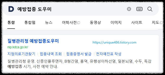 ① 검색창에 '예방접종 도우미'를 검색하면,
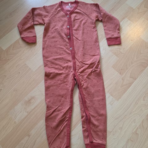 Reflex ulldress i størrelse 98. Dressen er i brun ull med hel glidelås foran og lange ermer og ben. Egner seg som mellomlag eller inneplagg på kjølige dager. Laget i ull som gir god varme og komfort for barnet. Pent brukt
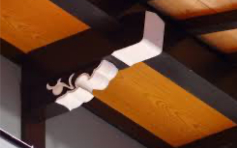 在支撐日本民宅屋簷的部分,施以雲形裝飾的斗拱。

--

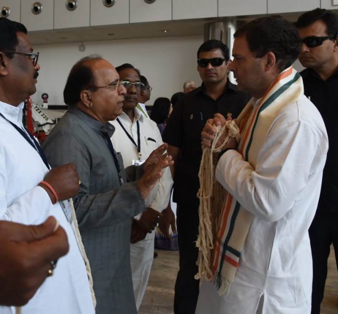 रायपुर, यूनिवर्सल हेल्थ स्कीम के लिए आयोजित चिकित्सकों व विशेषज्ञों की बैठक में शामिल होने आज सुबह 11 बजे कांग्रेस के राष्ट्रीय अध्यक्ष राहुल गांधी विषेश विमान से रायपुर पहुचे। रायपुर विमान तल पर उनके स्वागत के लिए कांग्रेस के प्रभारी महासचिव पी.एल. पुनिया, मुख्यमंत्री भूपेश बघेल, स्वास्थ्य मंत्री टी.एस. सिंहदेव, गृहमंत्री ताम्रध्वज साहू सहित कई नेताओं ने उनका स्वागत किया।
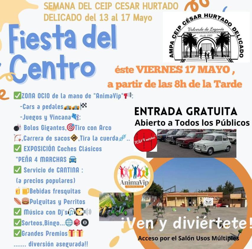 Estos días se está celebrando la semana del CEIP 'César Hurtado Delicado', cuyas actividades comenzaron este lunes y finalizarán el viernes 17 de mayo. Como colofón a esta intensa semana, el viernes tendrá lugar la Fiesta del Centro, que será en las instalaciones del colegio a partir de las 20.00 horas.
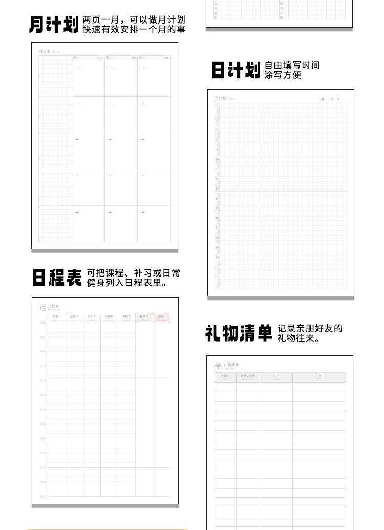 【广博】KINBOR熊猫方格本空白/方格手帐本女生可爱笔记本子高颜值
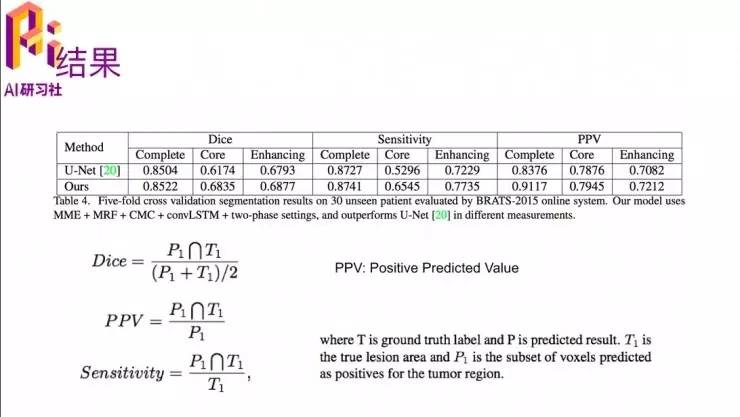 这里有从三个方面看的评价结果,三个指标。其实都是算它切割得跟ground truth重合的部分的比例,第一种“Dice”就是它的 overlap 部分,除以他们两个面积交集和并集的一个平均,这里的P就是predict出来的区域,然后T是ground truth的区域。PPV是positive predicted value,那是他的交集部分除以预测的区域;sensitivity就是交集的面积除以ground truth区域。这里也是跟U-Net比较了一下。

What is being asked: In the entries above, which lines run from the one with "① 검색창에 '예방접종" up to and including the one with "在支撐日本民宅屋簷的部分,施以雲形裝飾的斗拱。"? Write them out exactly, without the pictures.

Response to this exercise:
 ① 검색창에 '예방접종 도우미'를 검색하면,
 Reflex ulldress i størrelse 98. Dressen er i brun ull med hel glidelås foran og lange ermer og ben. Egner seg som mellomlag eller inneplagg på kjølige dager. Laget i ull som gir god varme og komfort for barnet. Pent brukt
 在支撐日本民宅屋簷的部分,施以雲形裝飾的斗拱。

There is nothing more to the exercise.